Hace más de una década, con motivo de un caso expuesto ante la Corte Interamericana de Derechos Humanos, México debió cambiar su Constitución, para adoptar una visión más progresiva de los derechos humanos, eliminar el fuero militar y garantizar acceso efectivo a los mecanismos de administración de justicia.
Nos encontramos en un proceso en el que la Suprema Corte de Justicia deberá determinar cuál es el rango jurídico que debe concederse a los tratados internacionales, en relación con la misma Constitución, por lo que hace a la figura de la prisión preventiva oficiosa a la que se refiere su artículo 19, ampliado durante la administración del presidente López Obrador a casos como el de corrupción en materia electoral.
En el mundo globalizado en el que vivimos, con la aparición de la Inteligencia Artificial, con los mecanismos de transmisión de la información de los que hoy gozamos –en la palma de la mano–, ser reconocido como un Estado incumplido con sus obligaciones internacionales, sujeto de responsabilidad internacional, trae aparejadas consecuencias.
El funcionamiento de la economía de cualquier país está asociado al capital, que hoy más que nunca fluye con mucho mayor rapidez y facilidad que en cualquier otro tiempo.

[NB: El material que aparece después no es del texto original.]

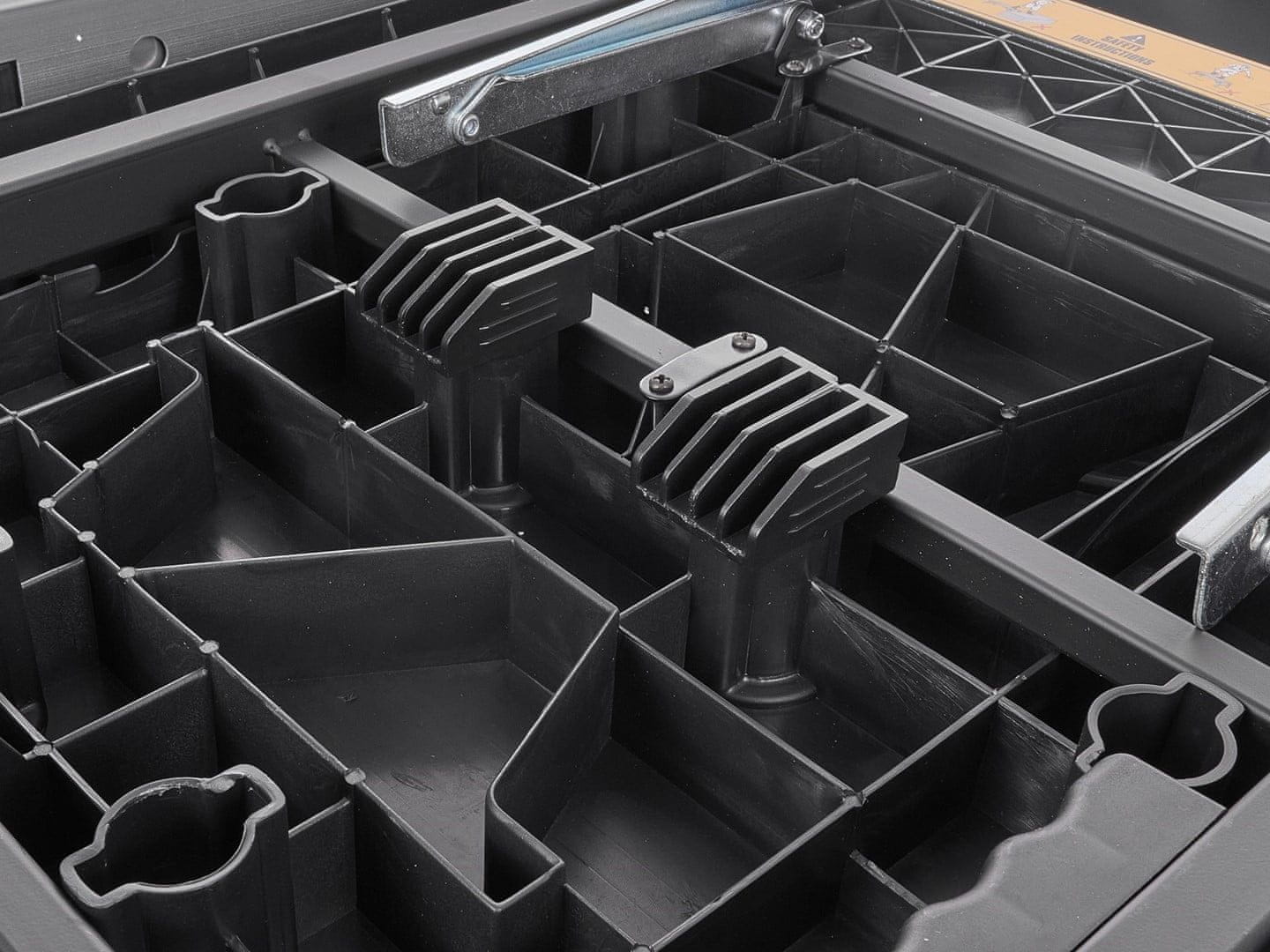 - Funkcionalnost 7u1: stol i kolica kombiniraju sedam funkcija u jednom alatu: radni stol, pila, pila, postolje, transportna kolica, stalak za alat, prijenosna radna stanica i višenamjenska radna površina.

La afectación al tipo de cambio o al mercado de valores acontece por meras declaraciones del candidato republicano y los riesgos en que se ve situada la renegociación del TMEC se incrementan ante la posibilidad de que México viole los compromisos que con calidades auténticamente obligatorias, firma con sus pares.
La retórica de que la Constitución es la ley suprema de todo el país y por encima de ella no se encuentra nada, ni nadie, sirve mucho para explicar a los estudiantes aquello en lo que en teoría constituye el principio de supremacía constitucional, y nos hace sentir fuertes cada 15 de septiembre que celebramos nuestra independencia. A nivel internacional, sin embargo, los tratados firmados por México dicen lo contrario. Desde la Convención de Viena sobre el Derecho de los Tratados se reconoce que éstos, los tratados internacionales ocupan una posición jerárquica superior con relación a todo el ordenamiento jurídico nacional, incluida nuestra Constitución. Cualquier desacato de nuestros compromisos puede dar lugar al fincamiento de responsabilidades.
El tema de que existan fallos de los tribunales internacionales contra México constituye un tema grave, no sólo como precedente para el país mismo, sino que se inscribe en los anales de la historia, sirviendo como ejemplo y precedente a nivel internacional, de lo que un Estado debe abstenerse de hacer en su relación con el exterior.
Es precisamente a colación con todo lo anterior que viene a cobrar tanta relevancia el derrotero que siguen las iniciativas del Presidente López Obrador en materia Judicial.
La reforma a la Constitución a través de la cual se pretende menguar la autonomía de la Suprema Corte de Justicia y de los jueces, no podrá –lógicamente– señalarse como una reforma inconstitucional, porque acabará por materializarse en la Ley Fundamental misma, pero inequívocamente afectará compromisos internacionales asumidos por México frente al extranjero, incluso, en los tratados internacionales que lo vinculan con más de cuarenta mercados a nivel internacional. El país pondrá en riesgo procesos de integración de los cuales depende la generación de empleo y desarrollo que le han dado sustento a lo largo de los últimos treinta años.
Teniendo el presidente López Obrador un fervoroso deseo de trascender a la historia por su legado, resulta verdaderamente extraño que no haya reparo alguno de su parte en que podría lograrlo, sí, pero en el lado equivocado de sus páginas.
Ante la imparable determinación de su parte, de seguir adelante con el proceso de modificación a la Constitución con cualquiera de las consecuencias que la reforma entrañe, hoy devienen más atendibles que nunca las ideas que algunos ministros aportan para que, incorporándose en la letra chica de los transitorios, se aterrice una reforma que aun terminando con la trayectoria de los ministros en funciones, se permita la continuidad de jueces y magistrados no objetados en su trabajo, en quienes descansa realmente el 99% del trabajo del Poder Judicial de la Federación.
No habrá peor desastre para el país que tener que prescindir, de la noche a la mañana, de tan importante brazo de gobierno. No habrá peor capítulo de nuestra historia, que su desaparición por consigna o, peor aún, por capricho.